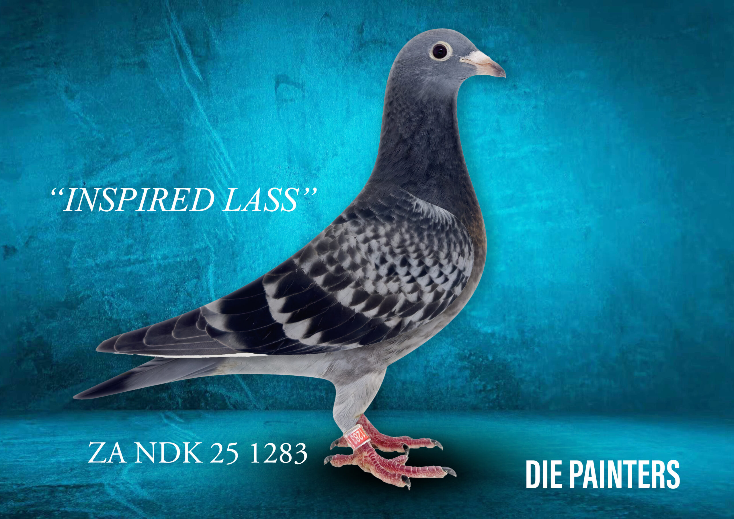 .LOT 2 DIE PAINTERS – ZA 25 NDK 1283 -This baby hen is destined to become a superstar racer and breeder. She has everything we look for in our family of pigeons. Bred out of one of Henrico’s most highly rated pairs of young stock pigeons. The father is the son of one of our most famous pairs – “SKAAM COCK” X “17 x WINNER” has bred many of our famous stars like Dinokeng star performer “SHY LASS” and her sister the great “SUPREME LASS” who is a Combine Winner and 7 X Winner. The mother was bred for stock out of he famous “SPRINGBOK” when mated to his own daughter “CHOICE”. Sher is the fullsister of “PINNACLE” our top Painter Putterie breeder and father of our star racer “PINORA”.SEE PEDIGREE!!!
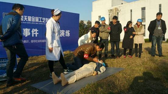 应急演练活动分为讲座和演练两个部分:江映天副主任就安徽天星金属工艺有限公司常见到的强酸强碱的防护和急救知识作了培训;汪姝卉护士长从急救基本知识和急救基本技能着手,将新的心肺复苏术和临床急救相结合,通俗易懂的讲解了急救常识,并利用模型和120急救中心的医护人员起进行了"徒手心肺复苏术"现场演示。
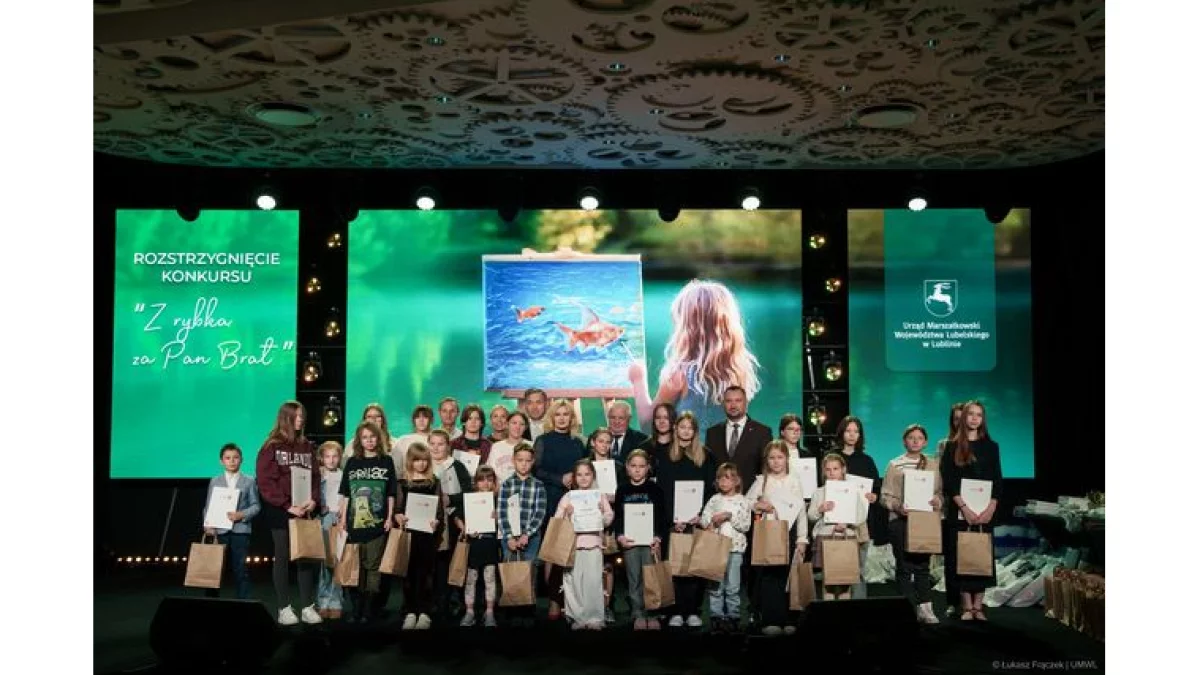 W środę, 29 października w Lublinie odbyła się uroczysta gala podsumowująca dwa wyjątkowe konkursy organizowane przez Urząd Marszałkowski Województwa Lubelskiego - „Z rybką za Pan Brat 2025” oraz „Złap rybkę 2025”. To już piąta edycja tej pięknej inicjatywy, która zachęca najmłodszych do poznawania świata ryb słodkowodnych, a także rozwija ich pasje i wyobraźnię.

> Exercise
The expected answer is the lines from the one that has "应急演练活动分为讲座和演练两" to the end of the listing, transcribed exactly, with pictures left out and no other line added.

> Output for this exercise
 应急演练活动分为讲座和演练两个部分:江映天副主任就安徽天星金属工艺有限公司常见到的强酸强碱的防护和急救知识作了培训;汪姝卉护士长从急救基本知识和急救基本技能着手,将新的心肺复苏术和临床急救相结合,通俗易懂的讲解了急救常识,并利用模型和120急救中心的医护人员起进行了"徒手心肺复苏术"现场演示。
 W środę, 29 października w Lublinie odbyła się uroczysta gala podsumowująca dwa wyjątkowe konkursy organizowane przez Urząd Marszałkowski Województwa Lubelskiego - „Z rybką za Pan Brat 2025” oraz „Złap rybkę 2025”. To już piąta edycja tej pięknej inicjatywy, która zachęca najmłodszych do poznawania świata ryb słodkowodnych, a także rozwija ich pasje i wyobraźnię.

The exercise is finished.